## The task
An exact copy of the lines of the listing below between the "图3显示,GPT-4 Tur" line and the "2月15日,山東省威海市文登" line, both included, is the whole answer; please omit the pictures.

## Dataset content

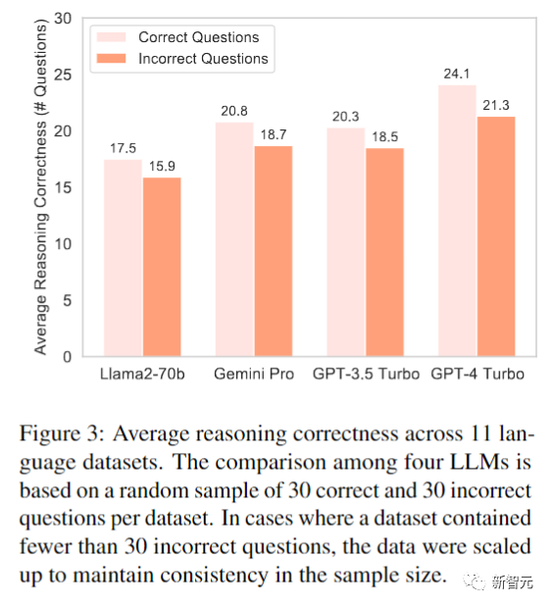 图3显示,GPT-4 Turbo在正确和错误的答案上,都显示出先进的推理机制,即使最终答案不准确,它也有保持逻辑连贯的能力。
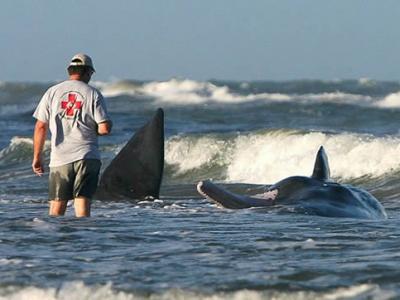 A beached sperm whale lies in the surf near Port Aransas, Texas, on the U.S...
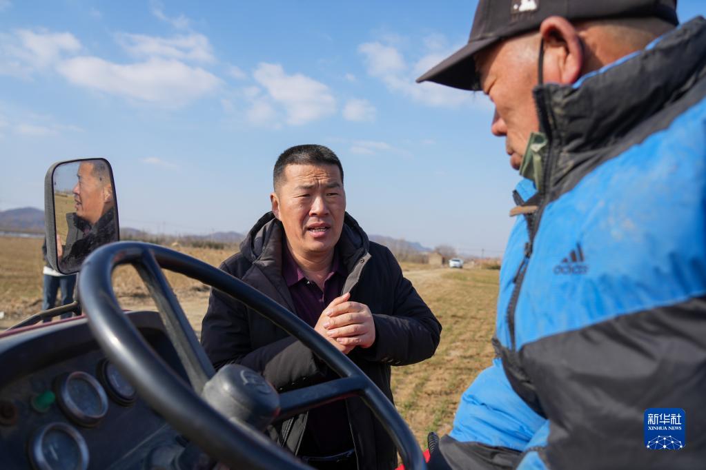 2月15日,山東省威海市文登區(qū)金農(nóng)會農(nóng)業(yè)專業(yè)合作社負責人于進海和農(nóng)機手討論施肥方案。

==

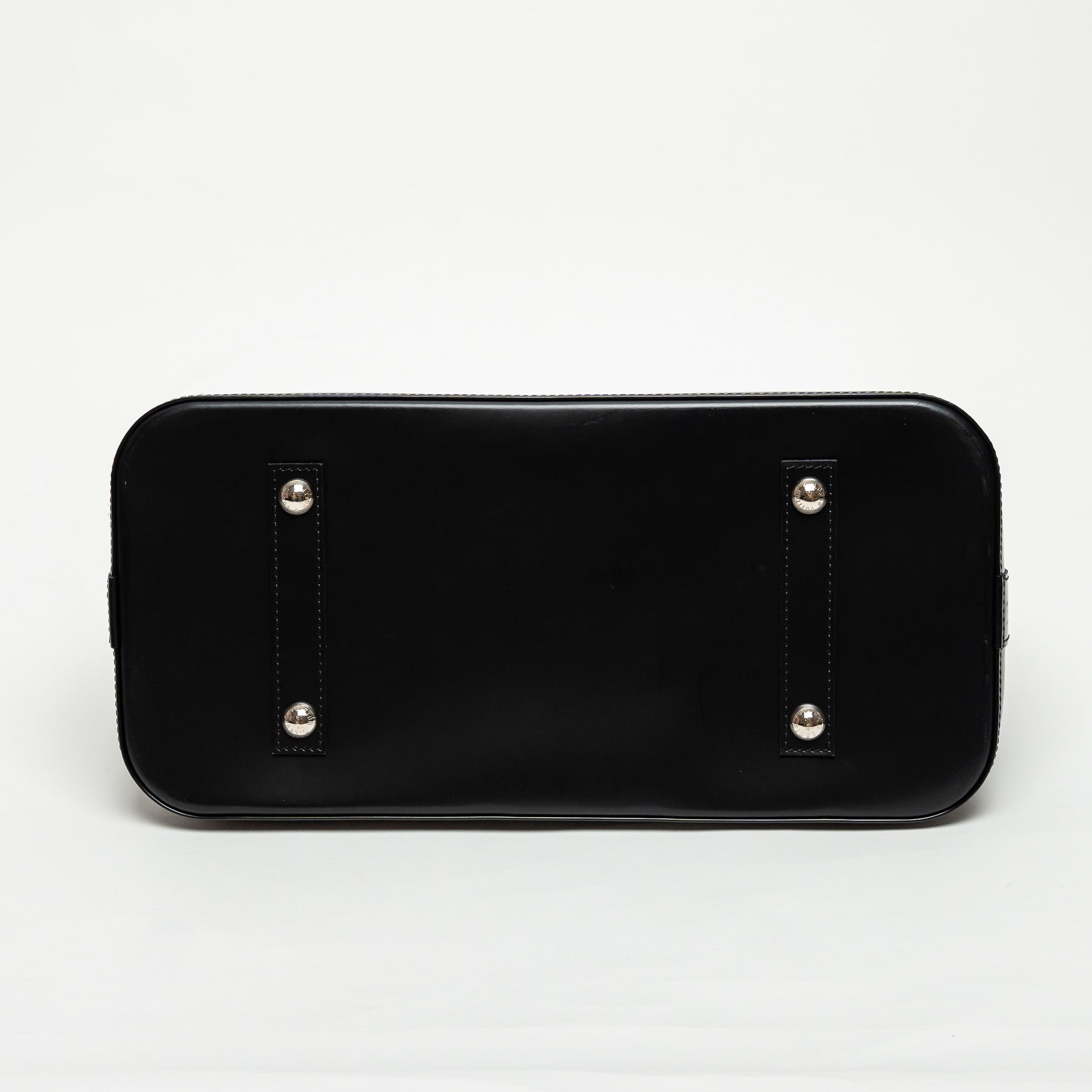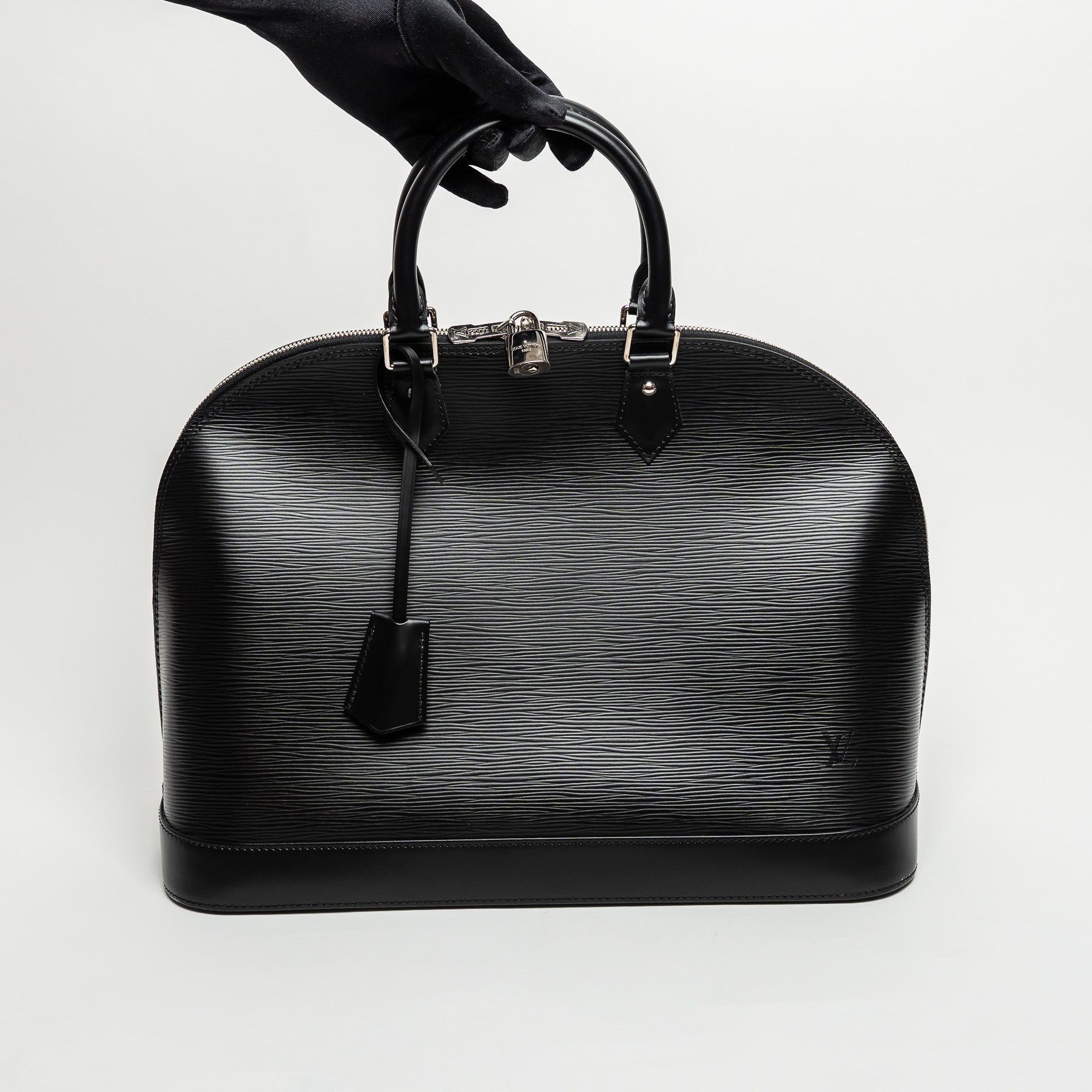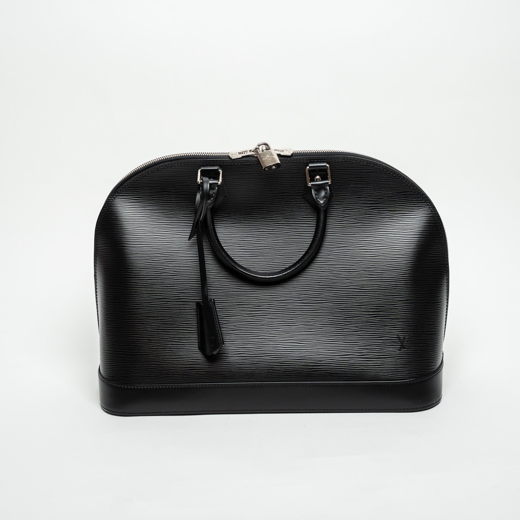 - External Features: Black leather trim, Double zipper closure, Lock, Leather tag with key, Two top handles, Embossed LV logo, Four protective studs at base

==

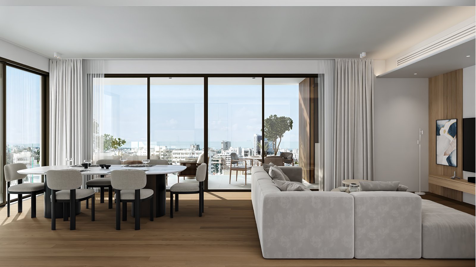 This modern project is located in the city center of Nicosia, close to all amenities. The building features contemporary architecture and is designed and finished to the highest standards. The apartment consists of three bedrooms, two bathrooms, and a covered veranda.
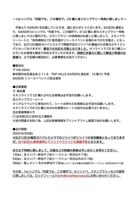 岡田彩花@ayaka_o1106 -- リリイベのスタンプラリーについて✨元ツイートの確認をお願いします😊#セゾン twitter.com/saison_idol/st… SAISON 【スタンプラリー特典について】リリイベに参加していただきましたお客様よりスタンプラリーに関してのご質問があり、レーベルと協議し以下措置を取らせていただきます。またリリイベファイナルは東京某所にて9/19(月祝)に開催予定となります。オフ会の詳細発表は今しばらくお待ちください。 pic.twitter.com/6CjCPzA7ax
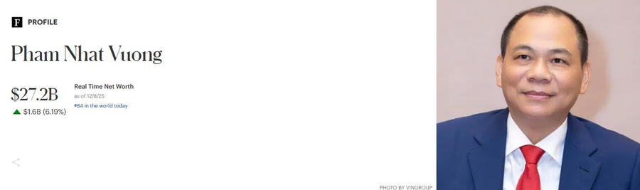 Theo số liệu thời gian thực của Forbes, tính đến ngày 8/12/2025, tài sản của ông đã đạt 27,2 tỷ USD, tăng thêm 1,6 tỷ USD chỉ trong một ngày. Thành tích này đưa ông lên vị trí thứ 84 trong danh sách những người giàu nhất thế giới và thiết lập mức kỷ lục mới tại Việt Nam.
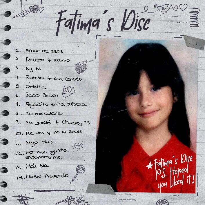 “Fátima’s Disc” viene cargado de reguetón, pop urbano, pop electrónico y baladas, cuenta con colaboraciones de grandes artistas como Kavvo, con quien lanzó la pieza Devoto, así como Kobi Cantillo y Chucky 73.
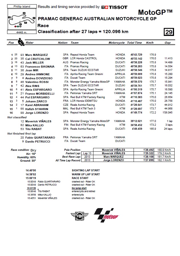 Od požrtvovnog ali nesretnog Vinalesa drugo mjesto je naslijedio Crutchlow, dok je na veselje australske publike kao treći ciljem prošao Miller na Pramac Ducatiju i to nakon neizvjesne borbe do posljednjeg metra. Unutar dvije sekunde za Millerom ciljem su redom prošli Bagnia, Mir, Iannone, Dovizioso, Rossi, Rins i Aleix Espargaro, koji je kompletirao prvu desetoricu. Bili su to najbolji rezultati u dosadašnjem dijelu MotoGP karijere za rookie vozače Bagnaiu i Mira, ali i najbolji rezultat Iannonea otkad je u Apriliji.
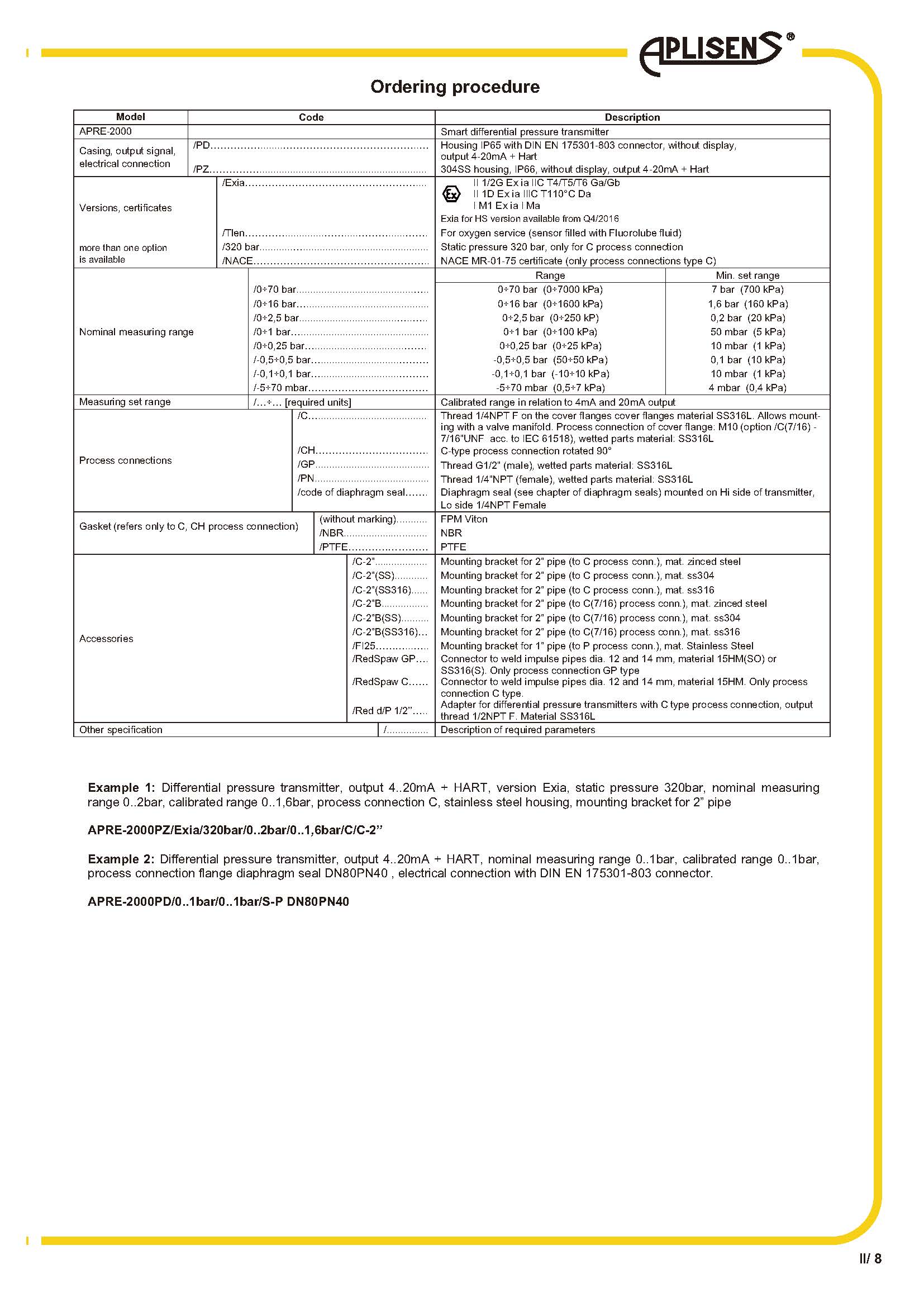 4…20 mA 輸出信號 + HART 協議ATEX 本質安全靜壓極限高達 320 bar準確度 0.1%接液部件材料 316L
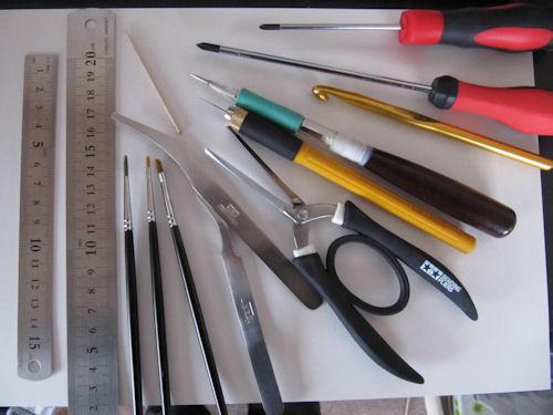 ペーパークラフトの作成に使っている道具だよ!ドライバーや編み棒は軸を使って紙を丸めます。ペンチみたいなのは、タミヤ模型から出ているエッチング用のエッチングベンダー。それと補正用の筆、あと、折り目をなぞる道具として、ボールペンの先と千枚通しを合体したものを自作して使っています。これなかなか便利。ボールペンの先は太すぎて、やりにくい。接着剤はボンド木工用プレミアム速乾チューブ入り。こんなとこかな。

## Answer box
 图3显示,GPT-4 Turbo在正确和错误的答案上,都显示出先进的推理机制,即使最终答案不准确,它也有保持逻辑连贯的能力。
 A beached sperm whale lies in the surf near Port Aransas, Texas, on the U.S...
 2月15日,山東省威海市文登區(qū)金農(nóng)會農(nóng)業(yè)專業(yè)合作社負責人于進海和農(nóng)機手討論施肥方案。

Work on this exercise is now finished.